» What you will do: Make an exact copy of the records, with the images left out.

═════ Provided data

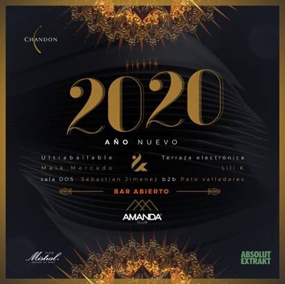 El primer ambiente será la“Terraza Electrónica”con hits de los principales DJ’s internacionales (Lili K). Además, los que asistan a la fiesta, encontrarán también elSalón “Ultrabailable”que contará con Maik Mercado. Finalmente, Club Amanda tendrála “Sala dos”con el Dj Sebastián Jiménez, B2B Dj Pato Valladares y un ambiente pensado especialmente en satisfacer a los que esperan una fiesta que dure hasta la madrugada del 1 de enero de 2020.
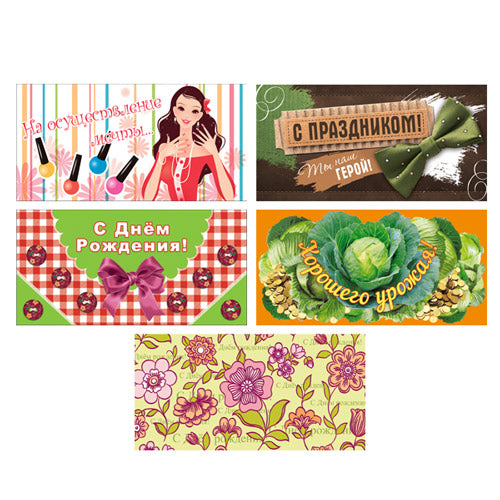 Handling time: 24 days Комплект состоит из 5-ти видов конвертов для денег, покрытых УФ-лаком:
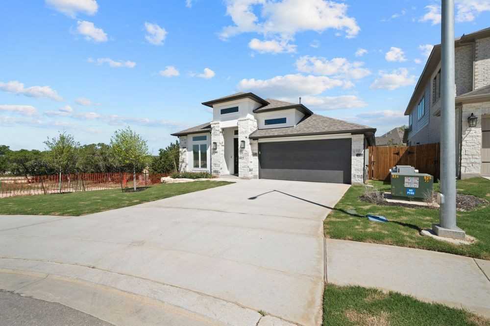 Beautiful, brand new Perry Home boasts a home office adorned with French doors situated at the entry, accompanied by a lofty 12-foot ceiling. An extended entry leads to a seamlessly flowing open kitchen, dining area, and family room. The kitchen is equipped with a corner walk-in pantry, ample counter space, and an island featuring built-in seating. The dining area seamlessly transitions into the family room, complete with a cast stone fireplace and a wall of windows. The primary suite offers a luxurious retreat with a double-door entry to the primary bath, featuring dual vanities, a garden tub, a separate glass-enclosed shower, and two expansive walk-in closets. Additionally, a guest suite with a private bath further enhances the spaciousness of this one-story abode. Outside, an extended covered backyard patio beckons relaxation. Completing the picture is a convenient mudroom situated off the two-car garage.
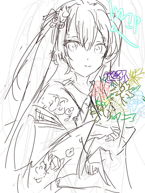 ミクイラの線画もう少しという所で久々wip🧚♂️✨
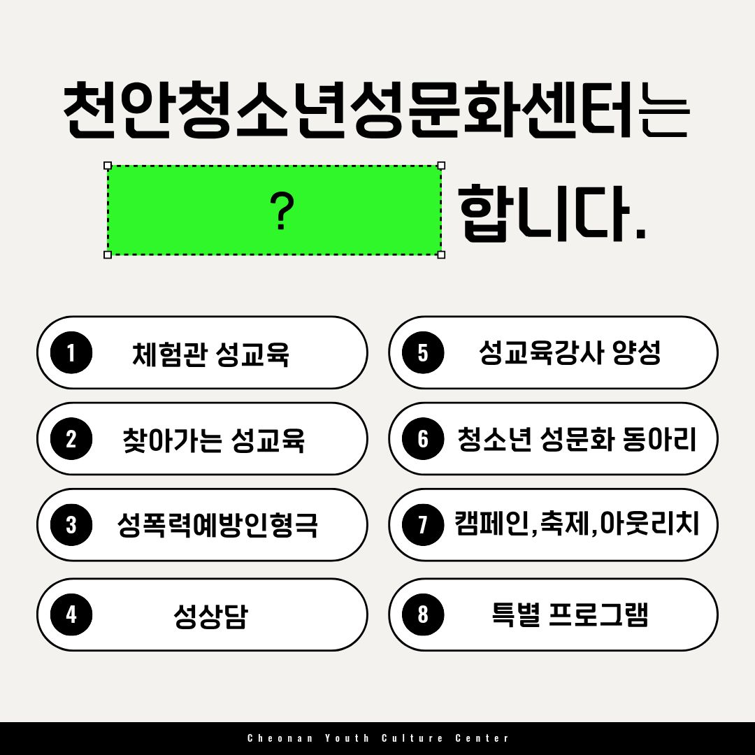 천안시청소년성문화센터 - 아동·청소년 성교육 및 상담 바로가기 메뉴 버튼
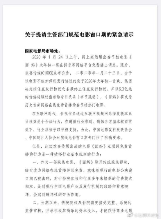 在请示中,院线公司再次表示《囧妈》在互联网免费播出的行为是一种破坏行业规则的行为,“作为院线电影,《囧妈》绕开传统院线影院,临时改为网络在线首播并且免费,意味着现行的电影公映窗口期已被击碎,对于影院营收和行业多年来培养的付费模式相左,是对现行中国电影产业及发行机制的践踏和蓄意破坏,会起到破坏性的带头作用。”
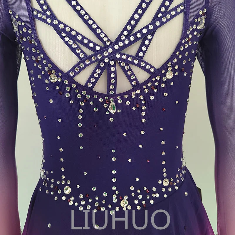 ❤ Features:This LIUHUO figure - skating dress is a captivating and elegant piece. It features a gradient color scheme transitioning from deep purple at the top to pink at the bottom of the skirt, creating a dreamy and enchanting visual effect. The long - sleeved design with sheer mesh fabric adds a delicate and sophisticated touch. The dress is adorned with numerous sparkling rhinestones meticulously arranged in patterns that outline the bodice and sleeves, enhancing its glamorous appeal. The flared skirt allows for graceful movement, making it an ideal choice for figure - skating performances, combining both aesthetic beauty and practical functionality.
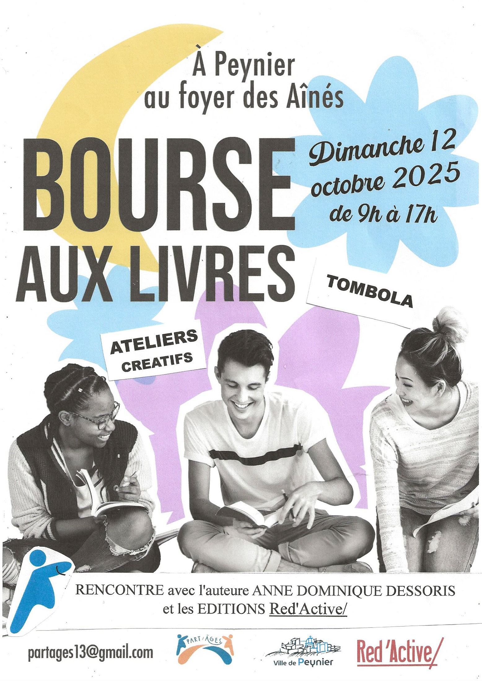 L’association Part/Âges et les éditions Red/Actives, a le plaisir de vous inviter à la 6ème Bourse aux Livres de Peynier, le dimanche 12 octobre, de 9h à 17h au Foyer des Aînés (quartier Notre Dame).
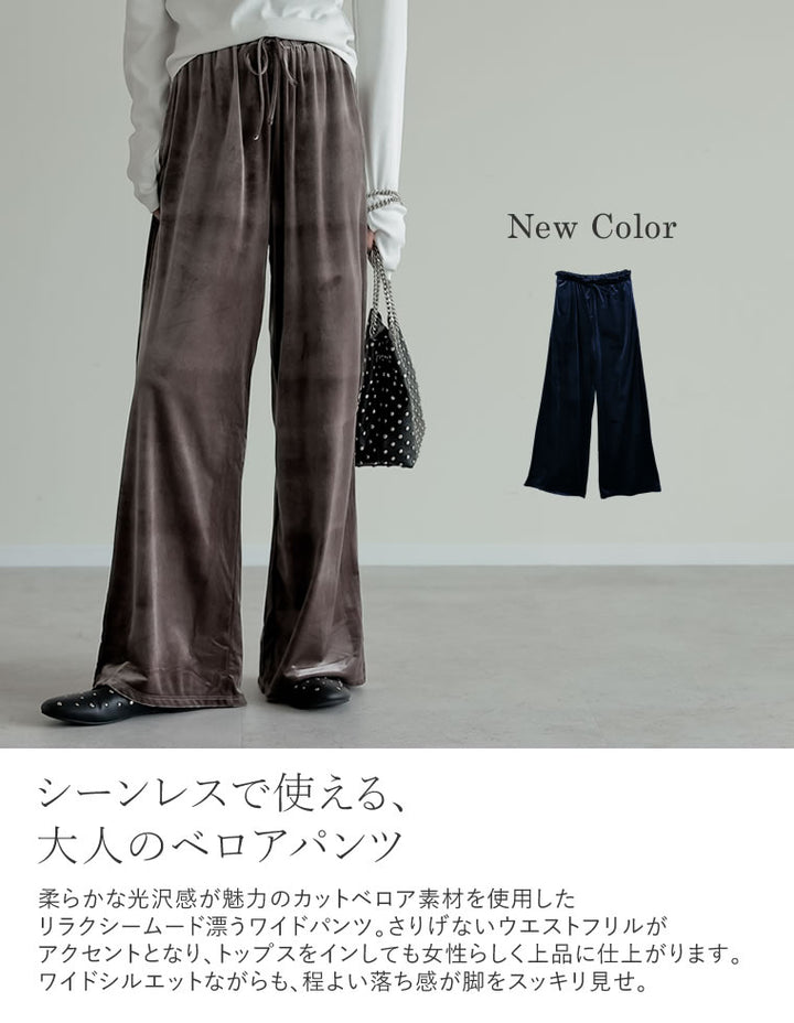 【クーポンで20%OFF ¥4,998⇒¥3,998 】〖クーポンコード:SH_20_2510〗[2025AW COLLECTION][低身長/高身長サイズ有]カットベロアドロストリラクシーパンツ
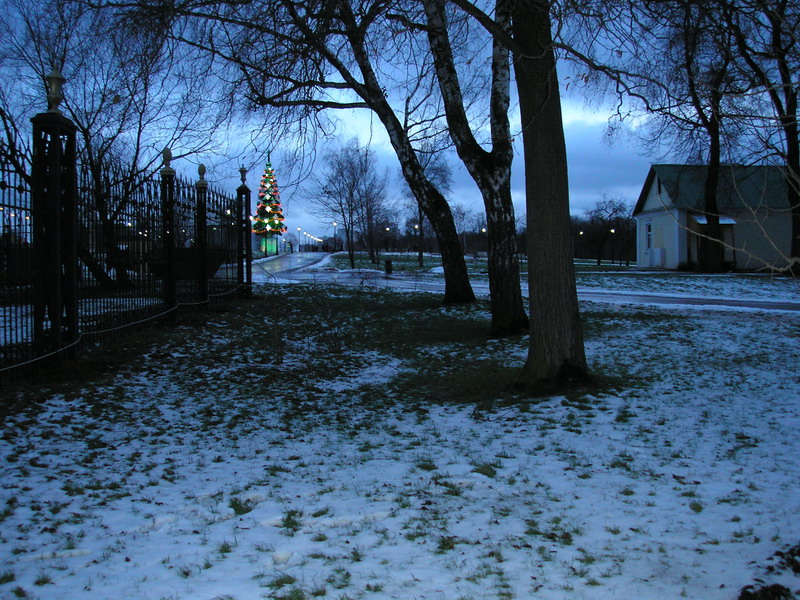 Каширская дорога близ пруда.Справа ряд старых деревьев.Здесь находилась"Черная грязь".
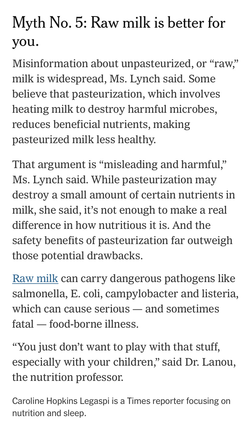 From the misinformation upside down world, basically everything in this article is wrong. I know most people know that, that the cultures that did grow up on raw milk, probably are intolerant to pasteurized.
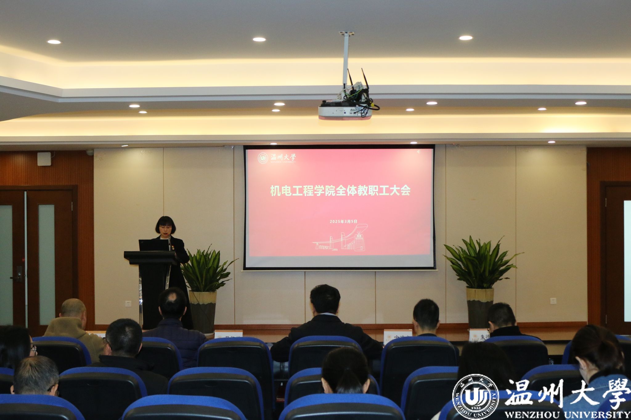 2025 年3月5日下午,开云体育 在6B309会议室召开全体教职工大会暨政治理论学习会。学院全体教职工以及温州大学激光研究院、平阳研究院、苍南研究院领导班子参会,会议由学院党委书记易招娣主持。
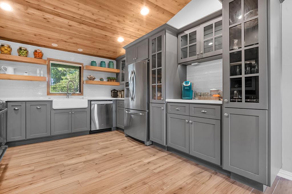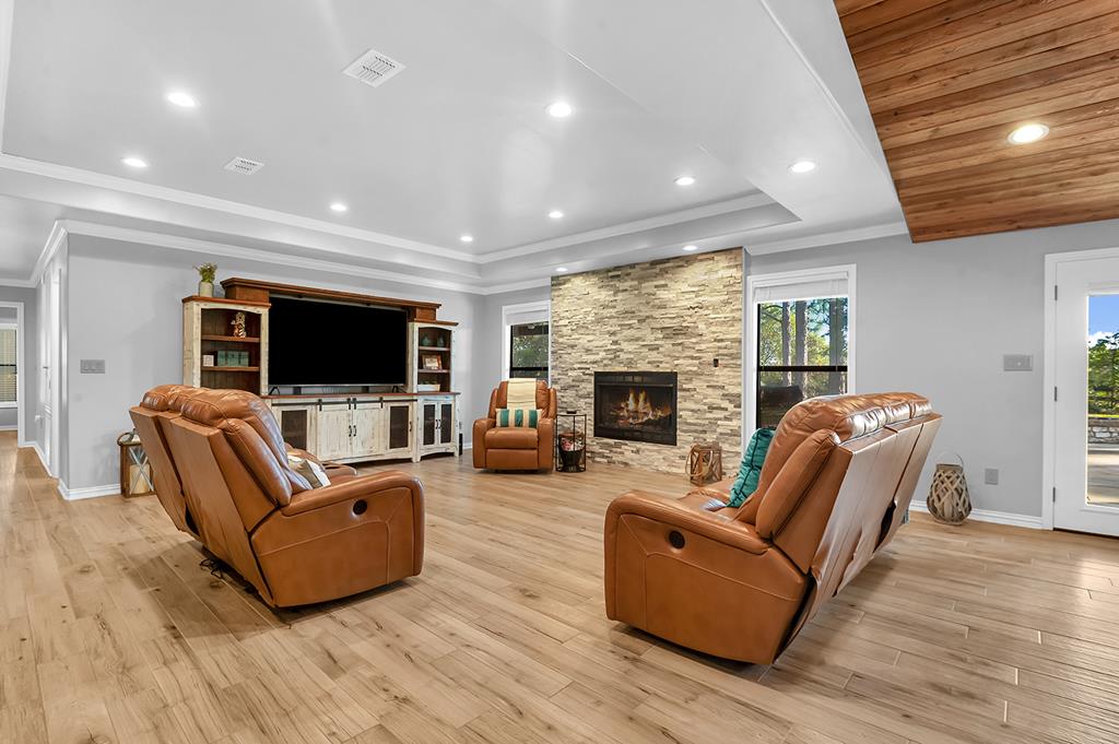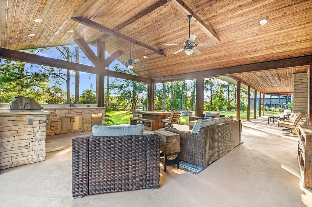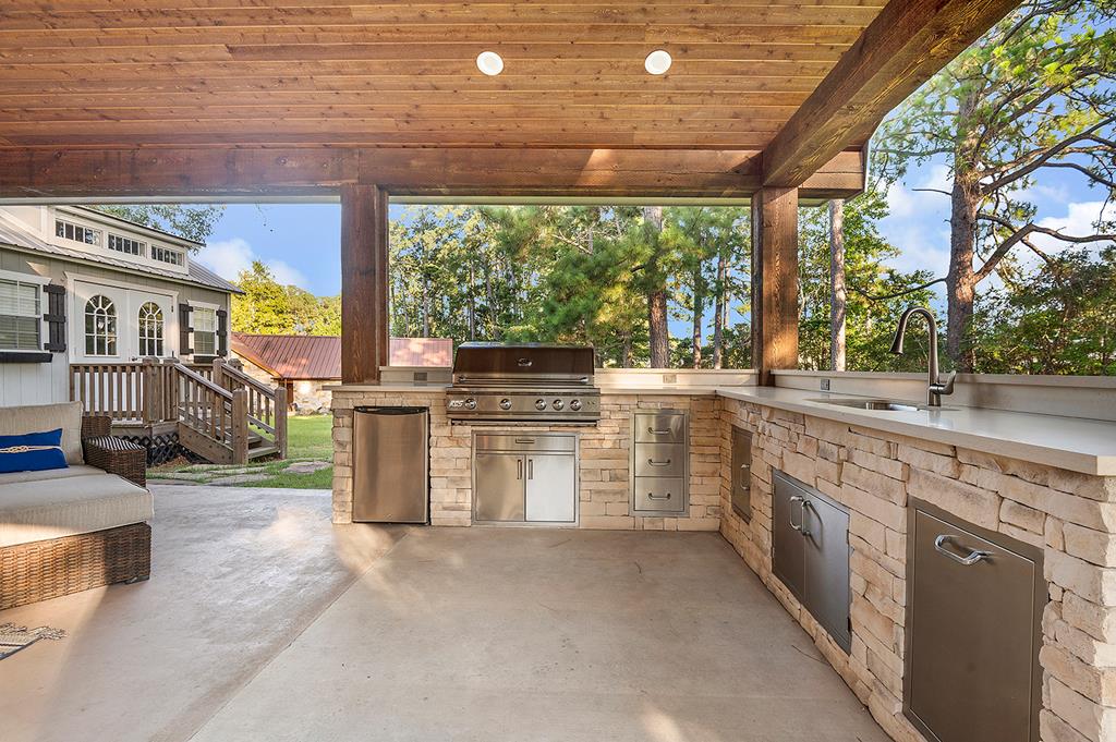 This beautifully renovated home offers spacious living with five bedrooms and three full baths, including two luxurious master suites. The kitchen is a chef's dream—fully updated with a gas stove, wine fridge, and an abundance of storage. Step outside to your own backyard oasis featuring an outdoor living area complete with a full kitchen, firepit, and room to entertain. There's even a screened-in fish cleaning station and a charming she-shed with A/C—perfect for hobbies, relaxation, or extra space. Need storage or a workshop? You'll love the massive 18' x 42' garage with epoxy floors and its own A/C. Plus, the home comes equipped with a whole-house generator for peace of mind. Located in the sought-after Forest Hills Subdivision, you'll enjoy access to the neighborhood swimming pool, tennis courts, and volleyball area. Just down the street from District 255 Marina, public boat ramps, and Umphrey Pavilion—and right around the corner from Rayburn Resort!
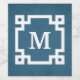 Monogram design with Greek key border decoration on grunge blue background
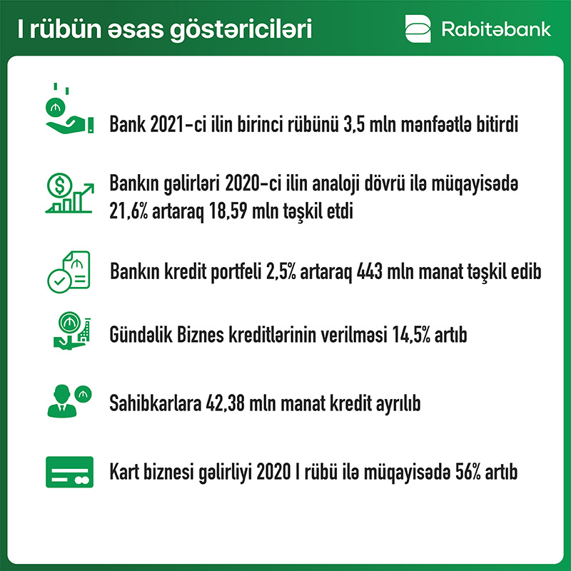 “Rabitəbank” ilin birinci rübünü mənfəətlə başa vurubÖlkənin aparıcı banklarından olan “Rabitəbank” 2021-ci ilin ilk rübü üzrə maliyyə göstəricilərini açıqlayıb.
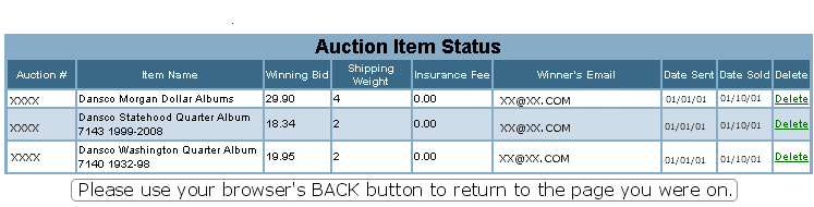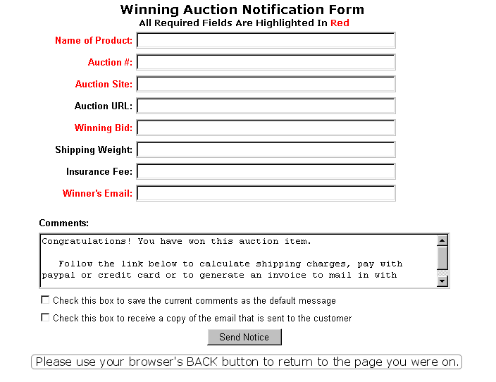The Auction Module is available for online stores that also sell products on Ebay or other online auction sites. This module provides the store administrator with the ability to send auction winners notification of their winning bid and also to direct the auction payment through the online store. When the auction customer pays through SmartCart, they have the ability to add more products to their order. Conveniently, all auction orders that are processed through SmartCart can be accessed at any time through the Secure Order Management Area in the Admin Controls.
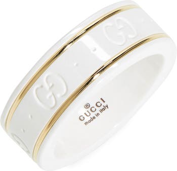 The emblematic double-G motif is embossed in this opulent white zirconia ring that's enriched by 18-karat gold trim for a subtle contrast.
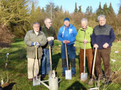 An einem sonnigen Freitagvormittag im Januar trafen sich die ehrenamtlich Aktiven von Imkerverein, NABU und Obst- und Gartenbauverein zum gemeinschaftlichen Pflanzen auf der Projektfläche des Insektenschaugartens „Melissa“ unweit des Rintelner Generationenparks.
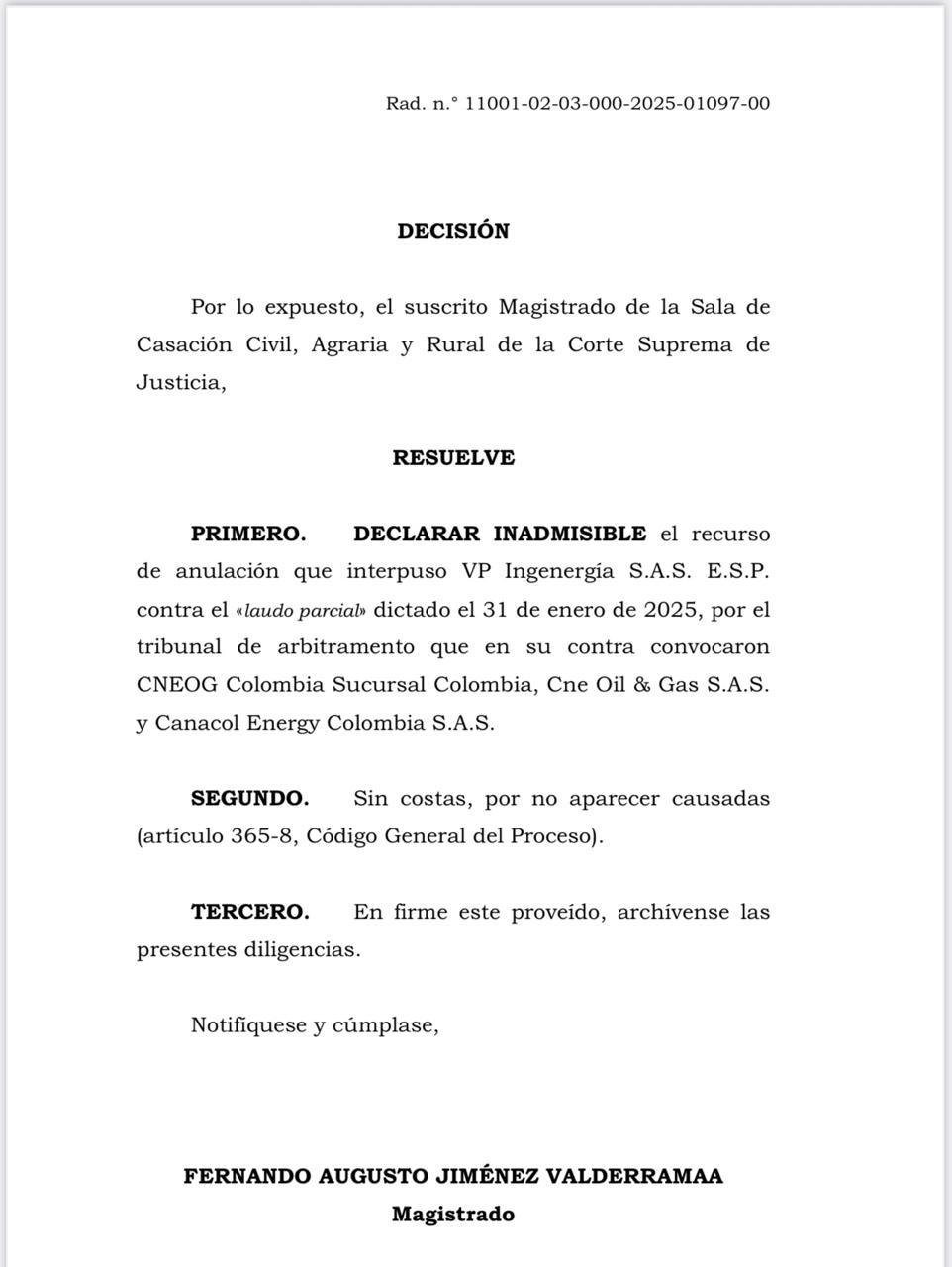 Facsimil de la última página del fallo de la Corte Suprema que inadmitió una tutela que interpuso Canacol Energy

══════════

» Exercise answer:
 El primer ambiente será la“Terraza Electrónica”con hits de los principales DJ’s internacionales (Lili K). Además, los que asistan a la fiesta, encontrarán también elSalón “Ultrabailable”que contará con Maik Mercado. Finalmente, Club Amanda tendrála “Sala dos”con el Dj Sebastián Jiménez, B2B Dj Pato Valladares y un ambiente pensado especialmente en satisfacer a los que esperan una fiesta que dure hasta la madrugada del 1 de enero de 2020.
 Handling time: 24 days Комплект состоит из 5-ти видов конвертов для денег, покрытых УФ-лаком:
 Beautiful, brand new Perry Home boasts a home office adorned with French doors situated at the entry, accompanied by a lofty 12-foot ceiling. An extended entry leads to a seamlessly flowing open kitchen, dining area, and family room. The kitchen is equipped with a corner walk-in pantry, ample counter space, and an island featuring built-in seating. The dining area seamlessly transitions into the family room, complete with a cast stone fireplace and a wall of windows. The primary suite offers a luxurious retreat with a double-door entry to the primary bath, featuring dual vanities, a garden tub, a separate glass-enclosed shower, and two expansive walk-in closets. Additionally, a guest suite with a private bath further enhances the spaciousness of this one-story abode. Outside, an extended covered backyard patio beckons relaxation. Completing the picture is a convenient mudroom situated off the two-car garage.
 ミクイラの線画もう少しという所で久々wip🧚♂️✨
 천안시청소년성문화센터 - 아동·청소년 성교육 및 상담 바로가기 메뉴 버튼
 在请示中,院线公司再次表示《囧妈》在互联网免费播出的行为是一种破坏行业规则的行为,“作为院线电影,《囧妈》绕开传统院线影院,临时改为网络在线首播并且免费,意味着现行的电影公映窗口期已被击碎,对于影院营收和行业多年来培养的付费模式相左,是对现行中国电影产业及发行机制的践踏和蓄意破坏,会起到破坏性的带头作用。”
 ❤ Features:This LIUHUO figure - skating dress is a captivating and elegant piece. It features a gradient color scheme transitioning from deep purple at the top to pink at the bottom of the skirt, creating a dreamy and enchanting visual effect. The long - sleeved design with sheer mesh fabric adds a delicate and sophisticated touch. The dress is adorned with numerous sparkling rhinestones meticulously arranged in patterns that outline the bodice and sleeves, enhancing its glamorous appeal. The flared skirt allows for graceful movement, making it an ideal choice for figure - skating performances, combining both aesthetic beauty and practical functionality.
 L’association Part/Âges et les éditions Red/Actives, a le plaisir de vous inviter à la 6ème Bourse aux Livres de Peynier, le dimanche 12 octobre, de 9h à 17h au Foyer des Aînés (quartier Notre Dame).
 【クーポンで20%OFF ¥4,998⇒¥3,998 】〖クーポンコード:SH_20_2510〗[2025AW COLLECTION][低身長/高身長サイズ有]カットベロアドロストリラクシーパンツ
 Каширская дорога близ пруда.Справа ряд старых деревьев.Здесь находилась"Черная грязь".
 From the misinformation upside down world, basically everything in this article is wrong. I know most people know that, that the cultures that did grow up on raw milk, probably are intolerant to pasteurized.
 2025 年3月5日下午,开云体育 在6B309会议室召开全体教职工大会暨政治理论学习会。学院全体教职工以及温州大学激光研究院、平阳研究院、苍南研究院领导班子参会,会议由学院党委书记易招娣主持。
 This beautifully renovated home offers spacious living with five bedrooms and three full baths, including two luxurious master suites. The kitchen is a chef's dream—fully updated with a gas stove, wine fridge, and an abundance of storage. Step outside to your own backyard oasis featuring an outdoor living area complete with a full kitchen, firepit, and room to entertain. There's even a screened-in fish cleaning station and a charming she-shed with A/C—perfect for hobbies, relaxation, or extra space. Need storage or a workshop? You'll love the massive 18' x 42' garage with epoxy floors and its own A/C. Plus, the home comes equipped with a whole-house generator for peace of mind. Located in the sought-after Forest Hills Subdivision, you'll enjoy access to the neighborhood swimming pool, tennis courts, and volleyball area. Just down the street from District 255 Marina, public boat ramps, and Umphrey Pavilion—and right around the corner from Rayburn Resort!
 Monogram design with Greek key border decoration on grunge blue background
 “Rabitəbank” ilin birinci rübünü mənfəətlə başa vurubÖlkənin aparıcı banklarından olan “Rabitəbank” 2021-ci ilin ilk rübü üzrə maliyyə göstəricilərini açıqlayıb.
The Auction Module is available for online stores that also sell products on Ebay or other online auction sites. This module provides the store administrator with the ability to send auction winners notification of their winning bid and also to direct the auction payment through the online store. When the auction customer pays through SmartCart, they have the ability to add more products to their order. Conveniently, all auction orders that are processed through SmartCart can be accessed at any time through the Secure Order Management Area in the Admin Controls.
 The emblematic double-G motif is embossed in this opulent white zirconia ring that's enriched by 18-karat gold trim for a subtle contrast.
 An einem sonnigen Freitagvormittag im Januar trafen sich die ehrenamtlich Aktiven von Imkerverein, NABU und Obst- und Gartenbauverein zum gemeinschaftlichen Pflanzen auf der Projektfläche des Insektenschaugartens „Melissa“ unweit des Rintelner Generationenparks.
 Facsimil de la última página del fallo de la Corte Suprema que inadmitió una tutela que interpuso Canacol Energy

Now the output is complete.